Martin J. King has a special worksheet specifically made for this case, as well as many other quarterwave pipes, open and closed boxes. www.quarter-wave.com
Martin J. King has a special worksheet specifically made for this case, as well as many other quarterwave pipes, open and closed boxes. www.quarter-wave.com
the simplified answer follows. The speaker end is considered to be a closed boundary condition. The open end is considered to be an ........ open boundary condition. This means that quarter sine and cosine waves are the fundamental air velocity and pressure profiles along the length. At a closed end, the velocity is zero and the pressure is a maximum. At an open end, the velocity is a maximum and the pressure is zero. For a TL of constant area, the standing waves will occur at approximately the following frequencies.
f = n x (c / 4 L)
where
c = speed of sound
L = length
n = 1, 3, 5, ... odd integers
If the area tapers or expands along the length, the relationship above does not hold.

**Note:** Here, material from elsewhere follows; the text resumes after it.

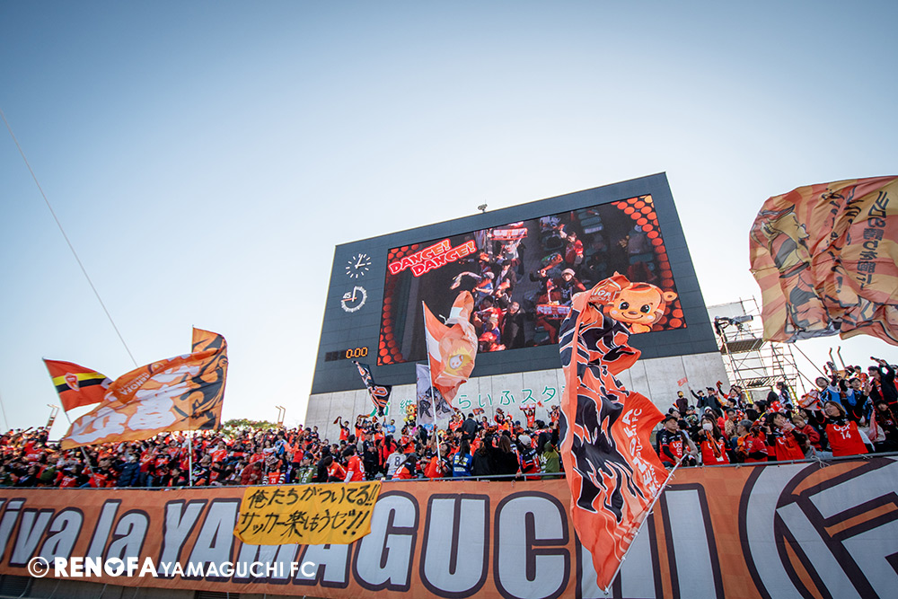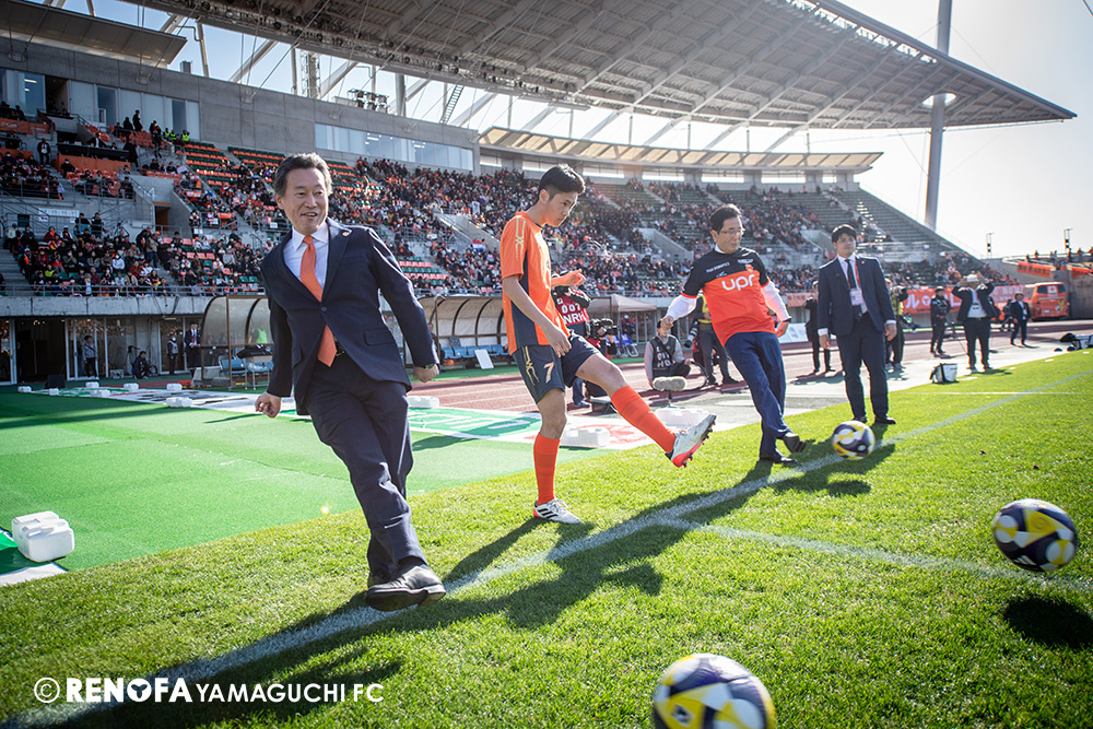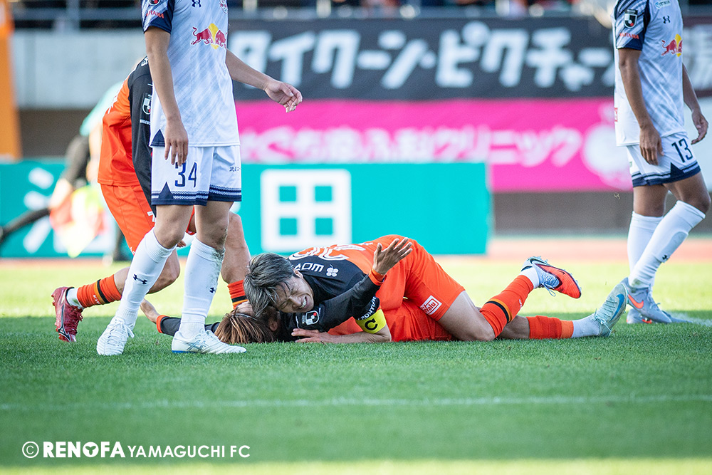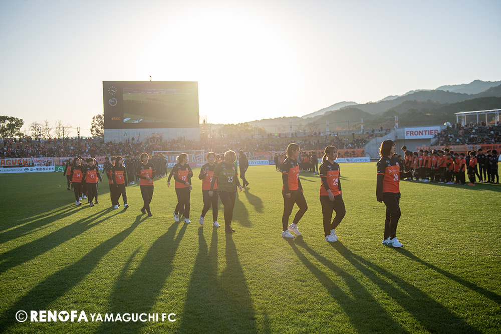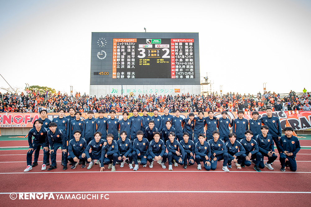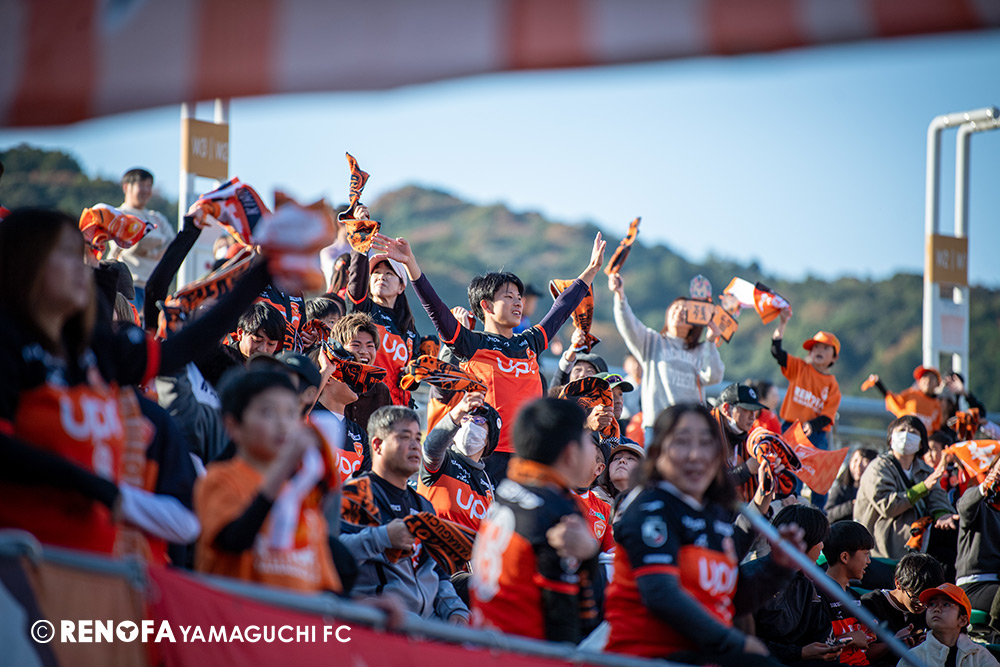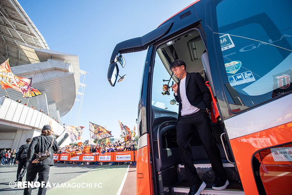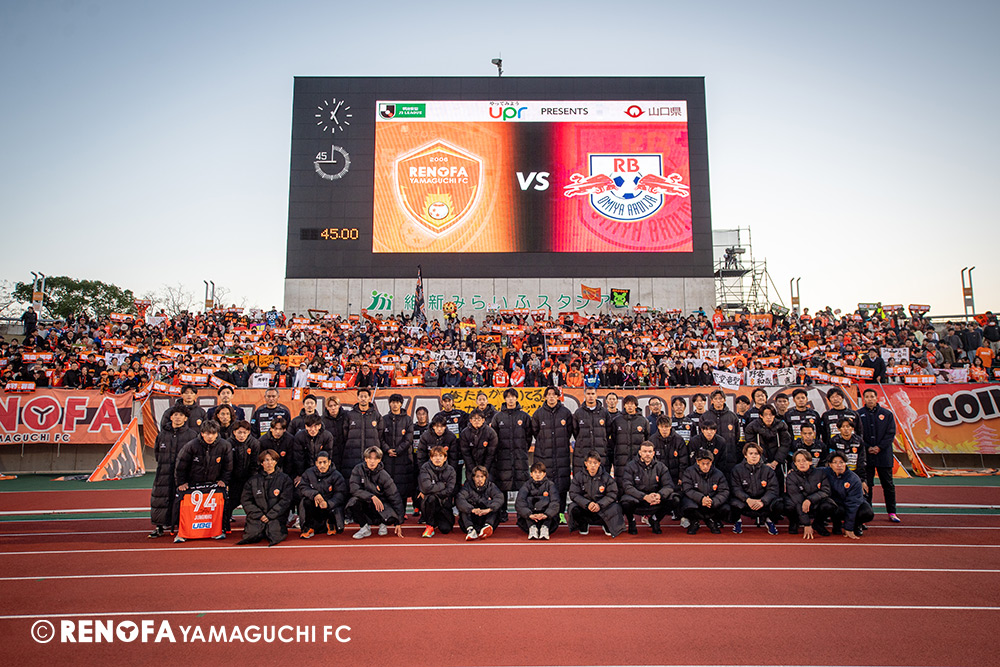 山口国体(2011年)のときに宮成さん(故 宮成隆元GM)が「一緒に山口で戦ってくれないか」と言ってくれたところからスタートして、本当にたくさんの方々に関わっていただきました。プロサッカーチームが地元にあることを目標に帰ってきて、実現できて、最終戦にもこうしてたくさんのサポーターが来ていただいた姿を、宮成さんと一緒に見ることができたら最高だったと思います。ただ、こういうこと(降格)もプロスポーツの世界ですので、今日来てくれたサポーターがいろいろな思いを感じてくれたと思います。その思いがプロサッカーチームのある意義だと思いますので、このレノファが夢、感動、元気を本当に届け続けられる存在であるようまた前進していければと思います。

This is the most common mistake DIYers make when deciding on the length of a tapered TL.
If the end opposite the driver is closed, then this is a closed-closed TL. The standing waves will be half wavelength sine and cosine profiles for velocity and pressure respectively. The pressure will be a maximum at each end and the velocity will be zero. For a TL of constant area, the standing waves will occur at approximately the following frequencies.
f = n x (c / 2 L)
where
c = speed of sound
L = length
n = 1, 2, 3, ...
The same warning as above applies when calculating the length of a tapered or expanding TL.

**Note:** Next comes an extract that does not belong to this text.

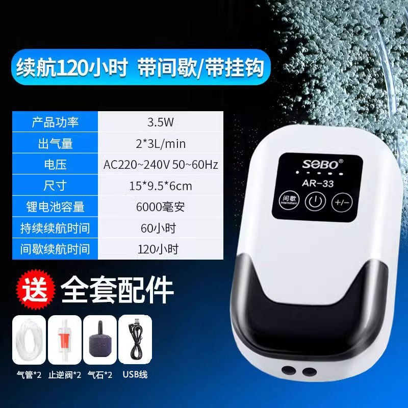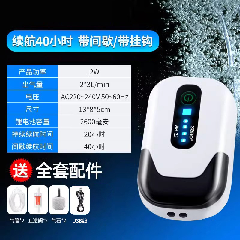 松宝充电氧气泵增氧泵户外钓鱼小型打氧机锂电池鱼缸专用USB便携式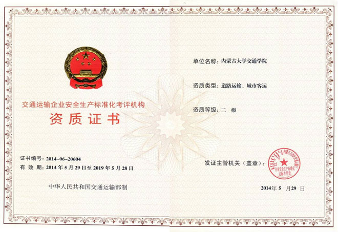 根據(jù)《內(nèi)蒙古自治區(qū)交通運輸廳關(guān)于公布第二批交通運輸企業(yè)安全生產(chǎn)標準化考評機構(gòu)的通知》,我院于2014年5月30日被認定為自治區(qū)第二批交通運輸企業(yè)安全生產(chǎn)標準化二級考評機構(gòu),承擔(dān)自治區(qū)范圍內(nèi)道路運輸與城市客運類企業(yè)的安全生產(chǎn)標準化建設(shè)二級達標考評工作,資質(zhì)證書的有效期五年。目前自治區(qū)交通運輸廳已批準成立4家二級考評機構(gòu),負責(zé)對道路運輸、城市客運、交通運輸工程建設(shè)等5個專業(yè)類型的企業(yè)進行安全生產(chǎn)標準化建設(shè)達標考評。

This is the simplistic explanation of a TL and the resonant frequencies and associated standing waves. For a more complete explanation my anatomy of a TL article is a better discussion (but possibly not understandable).
MJK said:
OK, that helps clear up one point of confusion I had.

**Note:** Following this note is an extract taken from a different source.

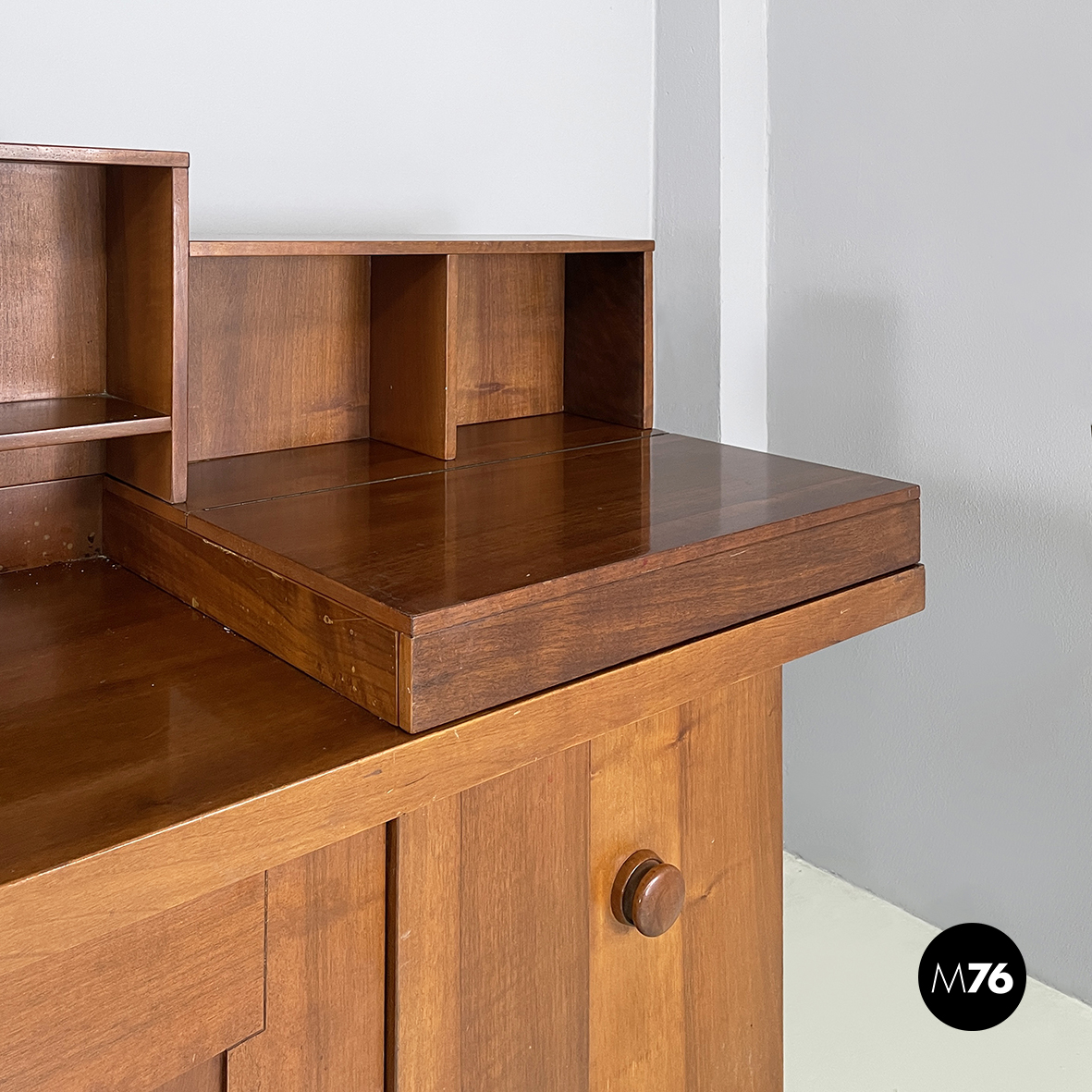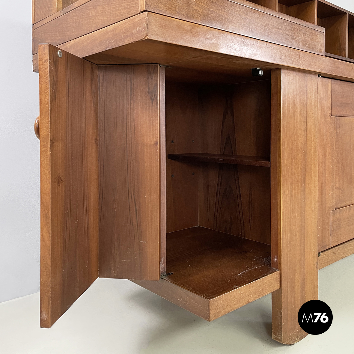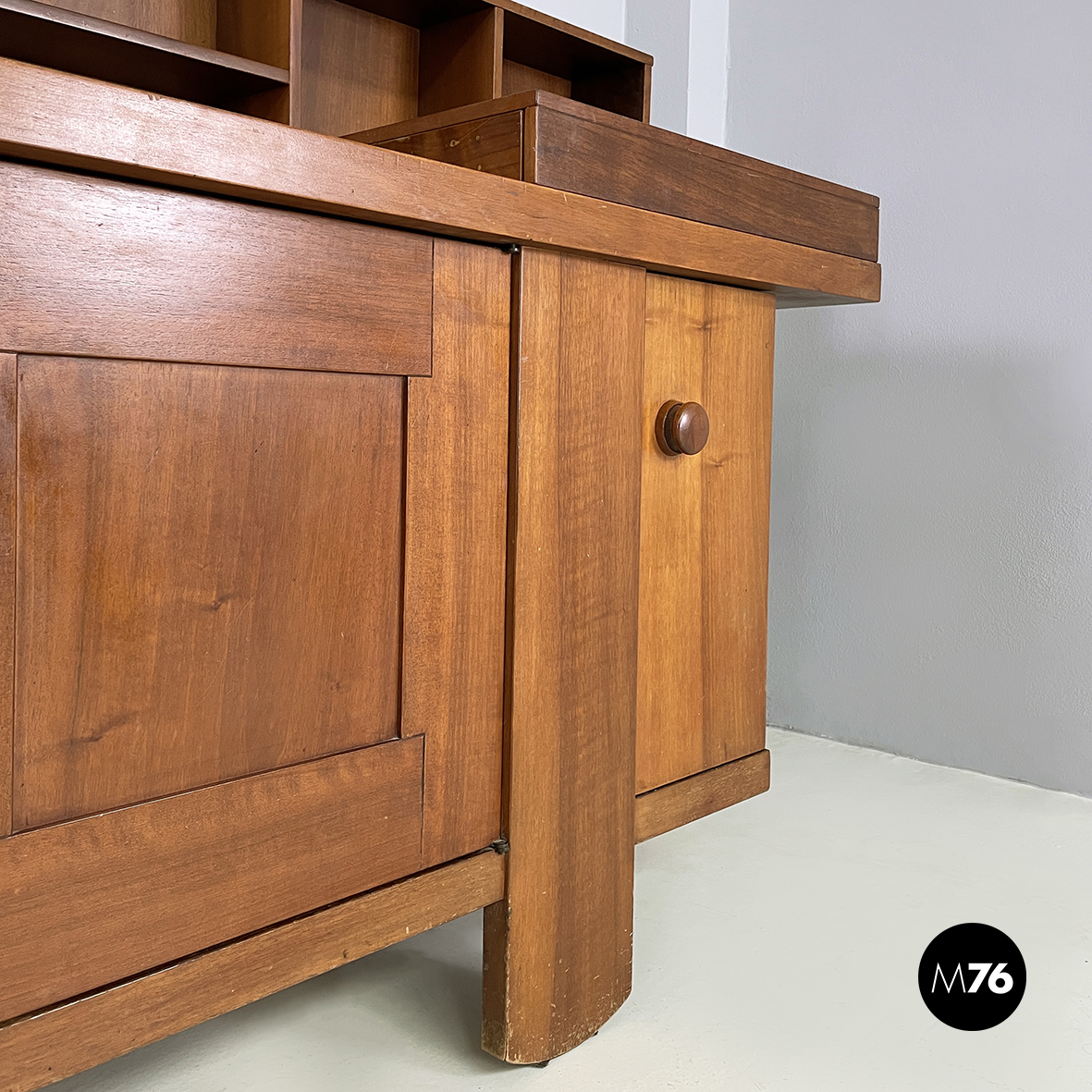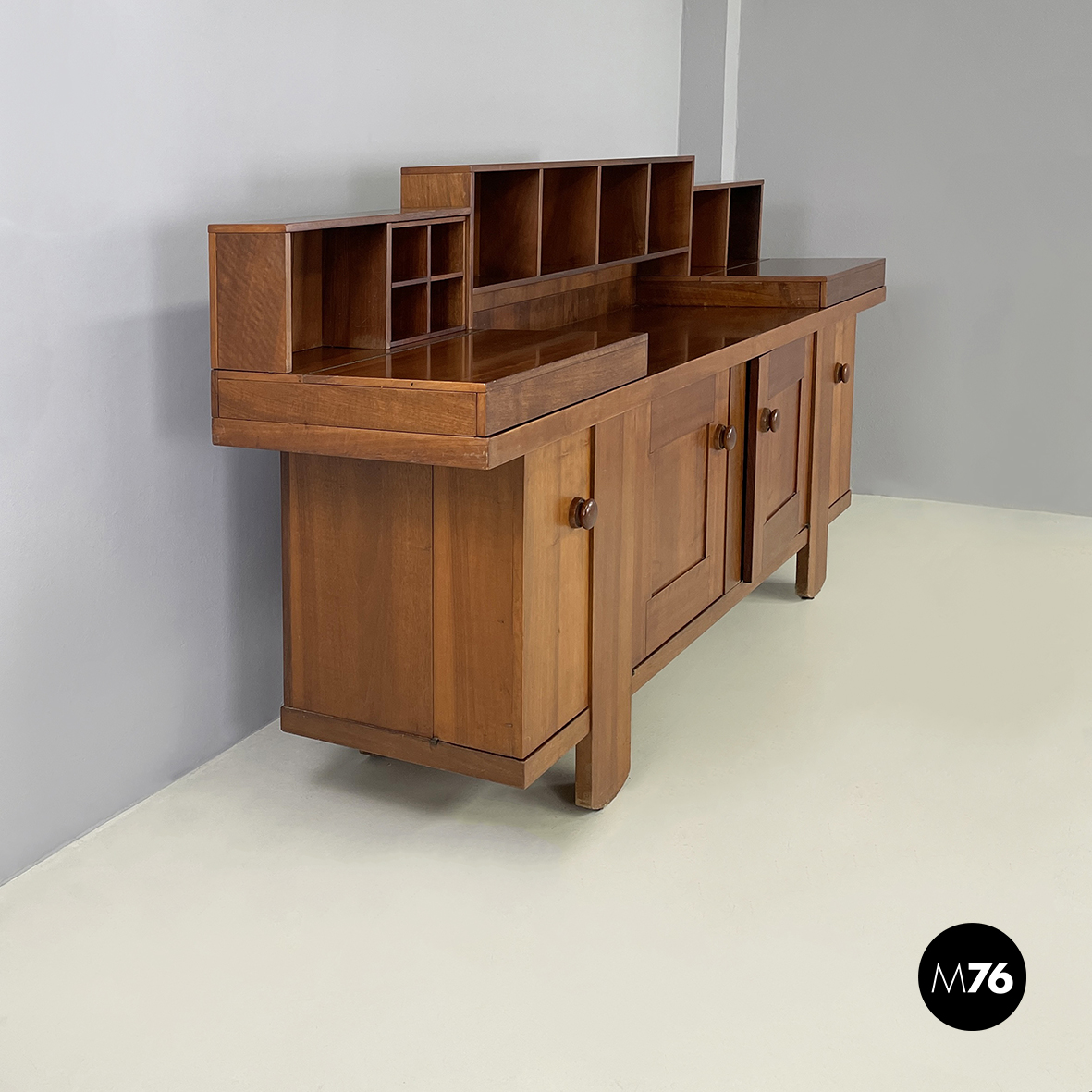 Sideboard a base rettangolare interamente in legno. Nella parte superiore presenta 8 vani quadrati ed aperti e due scompartimenti a ribalta. Un vano presenta un divisorio il quale può essere posizionato a piacere. All’interno dei due scompartimenti è presente un vassoio estraibile. Nella parte inferiore ai lati sono presenti due vani angolari con anta a battente e con mensola interna. Al centro il mobile presenta un doppio vano con apertura a battente e mensola interna. Maniglie tonde. Le zampe della credenza presentano una forma arrotondata.

Ahhh, OK. I have a follow-up question. I've borrowed texts by HF Olson and M Collum on acoustics, which cover the situation of acoustic impedance as a function of change in cross sectional area. Let me propose some additional conditions:
1. the pipe is closed at the far end, but opens into a plenum behind the driver. The cross sectional area of the plenum is larger than that of the pipe, by perhaps 5x.
2. the length of the pipe corresponds to a resonant frequency equal to that of the driver's Fs
3. The volume of the plenum and the pipe just happens to correspond to the volume predicted by one of the many box design programs to equal a Qtc of 0.707.
4. The volume of the plenum is big enough to house the driver, but not much bigger than that
Under these conditions, am I looking at a quarter wave pipe, a half wave pipe, or something else?
Thanks!!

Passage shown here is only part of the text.